* [What to work on] Pictures are not part of the answer. Write out exactly the lines from the one containing "E' appena trascorsa" through the end of the material below.

* [Entries supplied]

********************

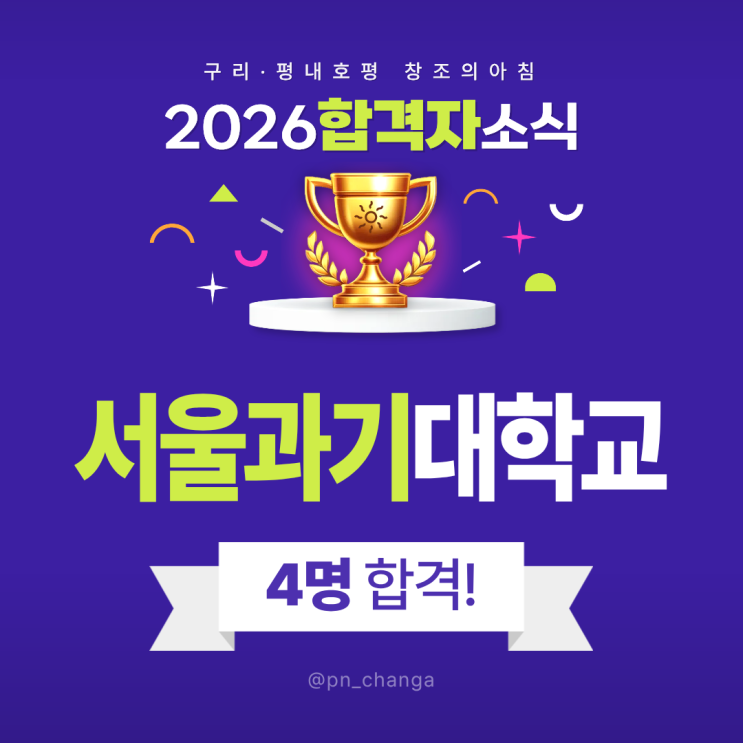 < 2026학년도 구리다산·평내호평 창조의 아침 합격자> 서울 과학기술 대학교 4명 합격!!
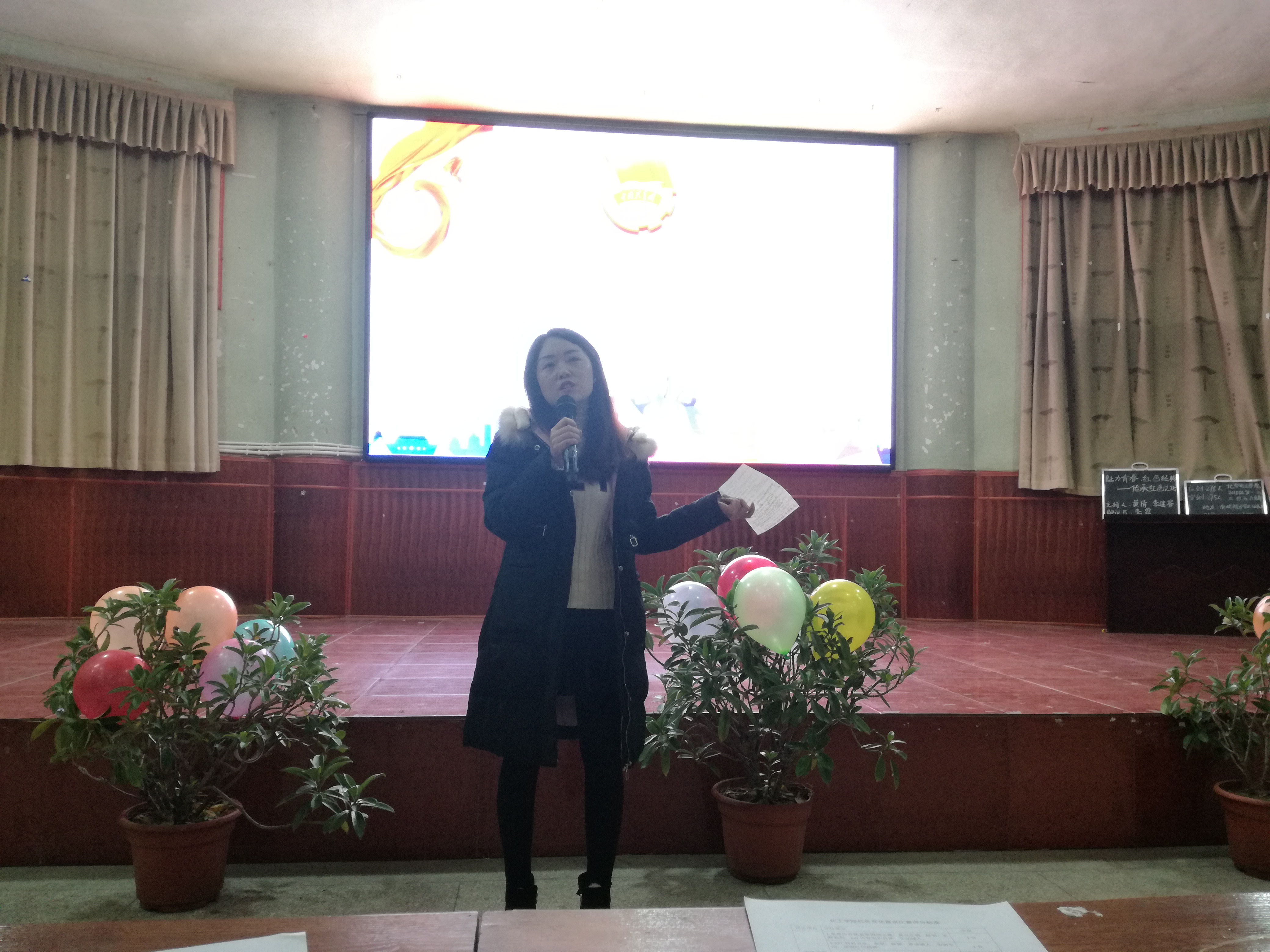 为促进同学们对红色文化的了解,鼓励同学们学习革命先辈的优良品质,2018年11月18日晚七点,taptap点点在南坝校区学术报告厅开展了以“魅力青春,红色经典”为题的团组织生活。辅导员张魏霞老师、刘丹老师及团总支第一副书记孙亨宇等部分团学干部出席了本次活动并担任评委,大一280余名同学参与了此次活动。
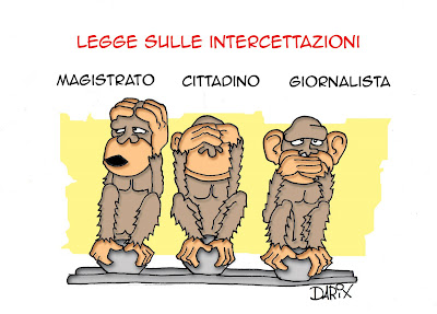 E' appena trascorsa l'ennesima giornata nera per la democrazia ,il parlamento ,protervo ,more solito ,ha posto la fiducia al decreto sulle intercettazioni,mettendo le manette alla giustizia ed al processo penale .Mafia ,malavita , faccendieri e politici a loro funzionali/organici ,ringraziano.
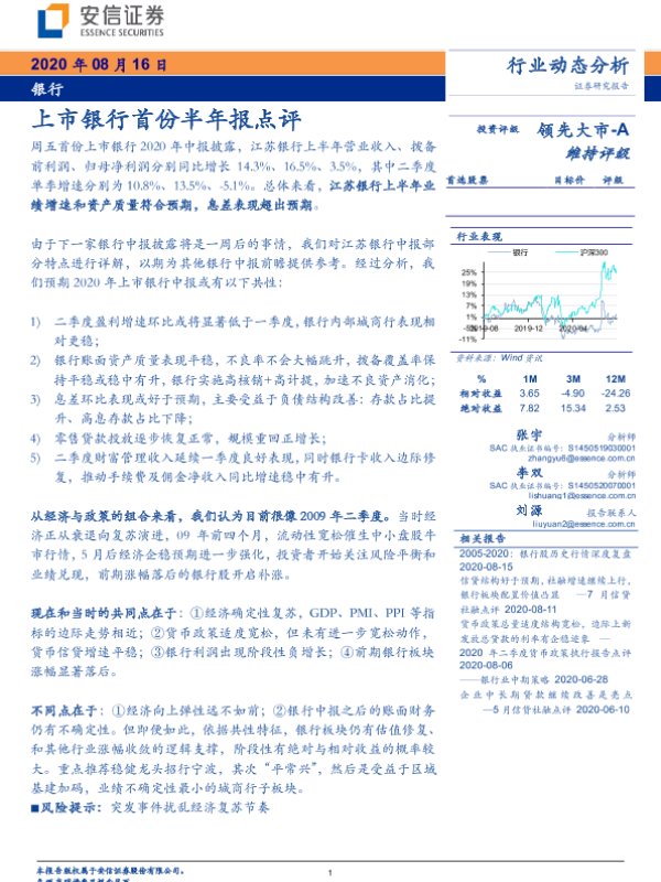 【安信证券】【20200816】上市银行首份半年报点评-8页 行业研究
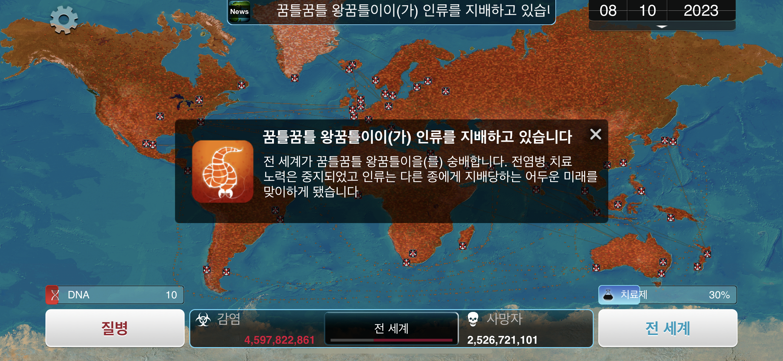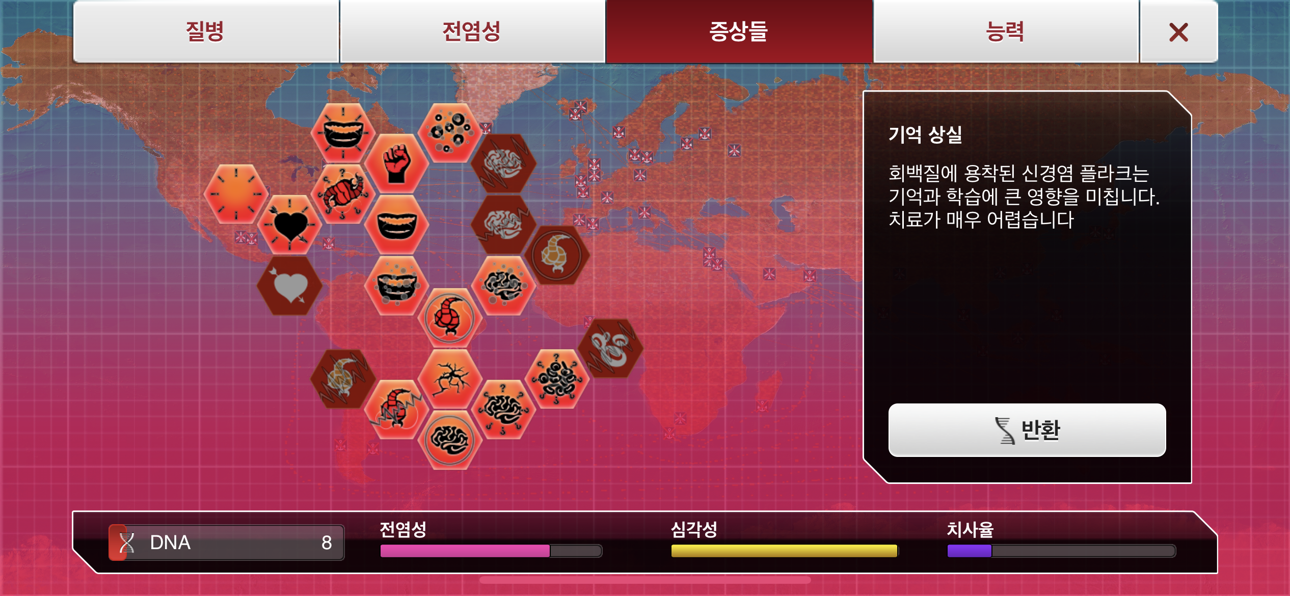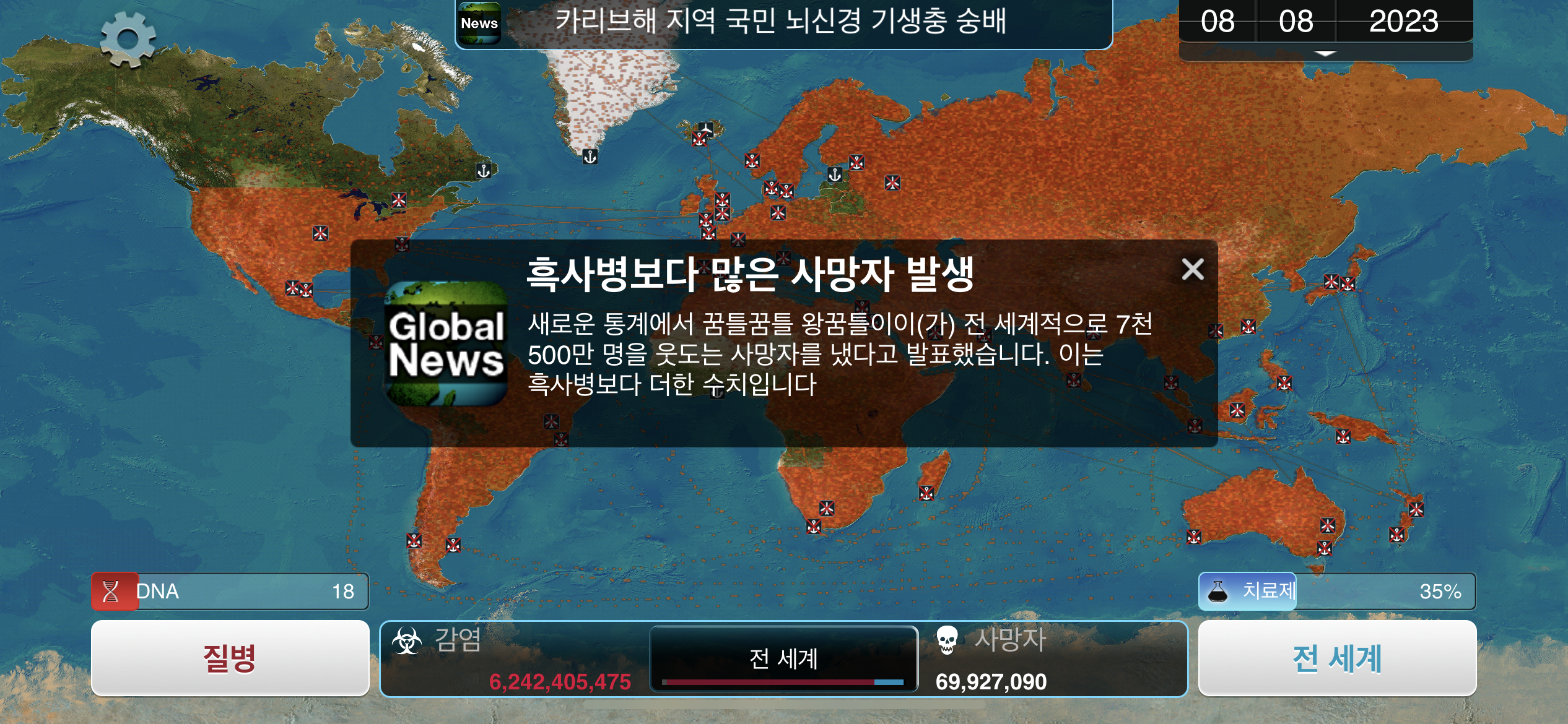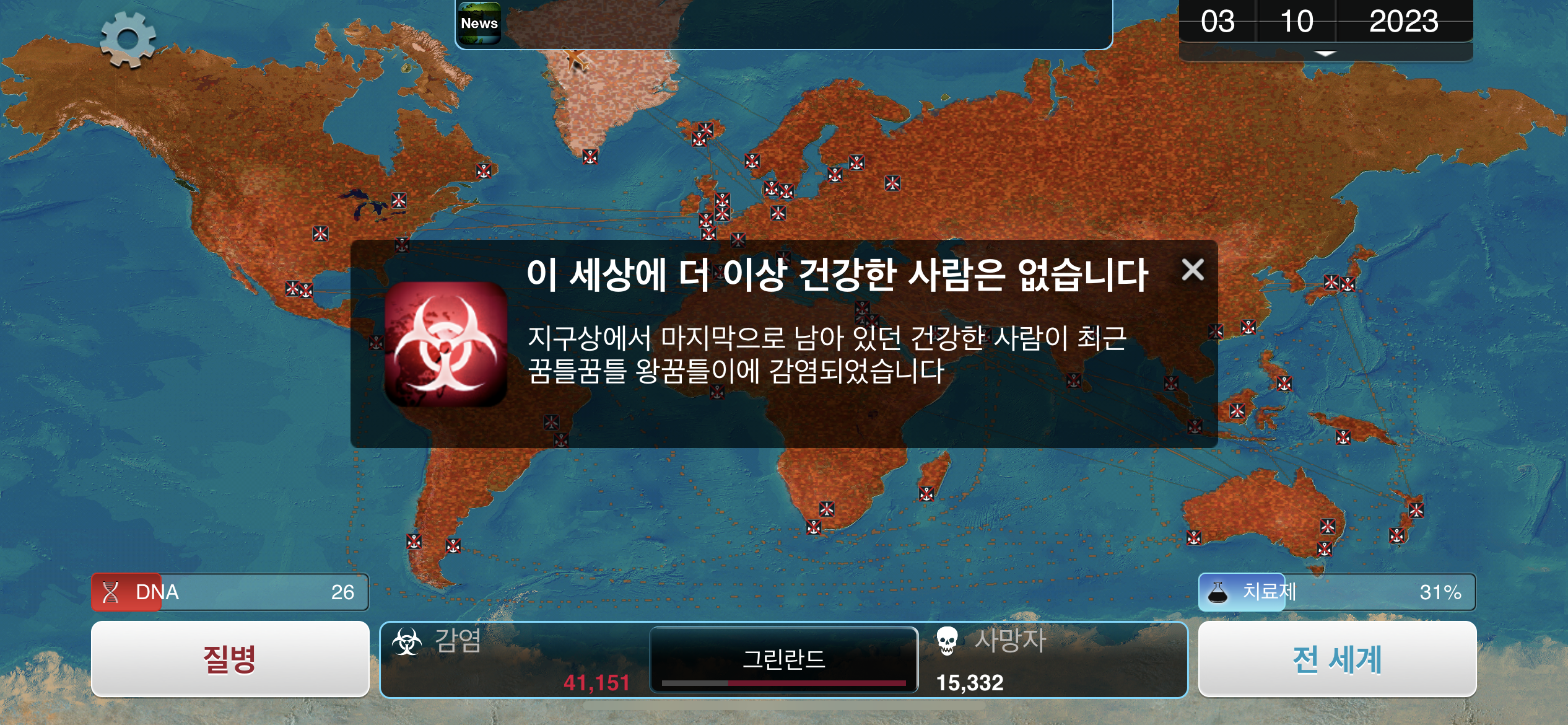 35. 공략에서는 진행 도중에 유전적 개편1, 2, 3을 진화했는데요, 사망자로 인해 감염자가 줄어들 수록 진화에 소모되는 DNA 포인트가 적어지기 때문에, ”뇌신경 기생충이 인류를 지배하고 있습니다“라는 메시지 이후 유전적 개편 1, 2, 3을 한번에 진화하는게 이득입니다.
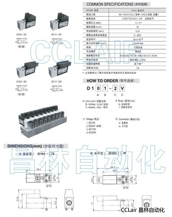 D101-1V,D101-2V,D101-3V,D101-4V,3通直動(dòng)型電磁閥
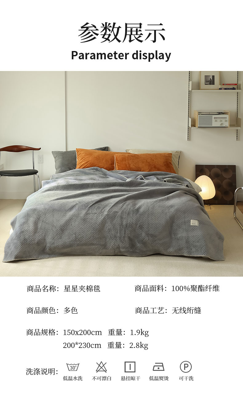 商品名称:法芙娜家纺 超声波牛奶绒毛毯 星星毯 绅士灰
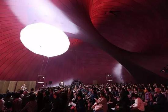当夜幕四合,这个卧着的庞然大物散发着红色柔光,整个世界都静下来了,音乐厅的结构线丝丝入扣,像一枚孕育的蚕蛹。当音乐响起的时候,人们从中感受到生活的美好。

********************

* [Answer box]
 E' appena trascorsa l'ennesima giornata nera per la democrazia ,il parlamento ,protervo ,more solito ,ha posto la fiducia al decreto sulle intercettazioni,mettendo le manette alla giustizia ed al processo penale .Mafia ,malavita , faccendieri e politici a loro funzionali/organici ,ringraziano.
 【安信证券】【20200816】上市银行首份半年报点评-8页 行业研究
 35. 공략에서는 진행 도중에 유전적 개편1, 2, 3을 진화했는데요, 사망자로 인해 감염자가 줄어들 수록 진화에 소모되는 DNA 포인트가 적어지기 때문에, ”뇌신경 기생충이 인류를 지배하고 있습니다“라는 메시지 이후 유전적 개편 1, 2, 3을 한번에 진화하는게 이득입니다.
 D101-1V,D101-2V,D101-3V,D101-4V,3通直動(dòng)型電磁閥
 商品名称:法芙娜家纺 超声波牛奶绒毛毯 星星毯 绅士灰
当夜幕四合,这个卧着的庞然大物散发着红色柔光,整个世界都静下来了,音乐厅的结构线丝丝入扣,像一枚孕育的蚕蛹。当音乐响起的时候,人们从中感受到生活的美好。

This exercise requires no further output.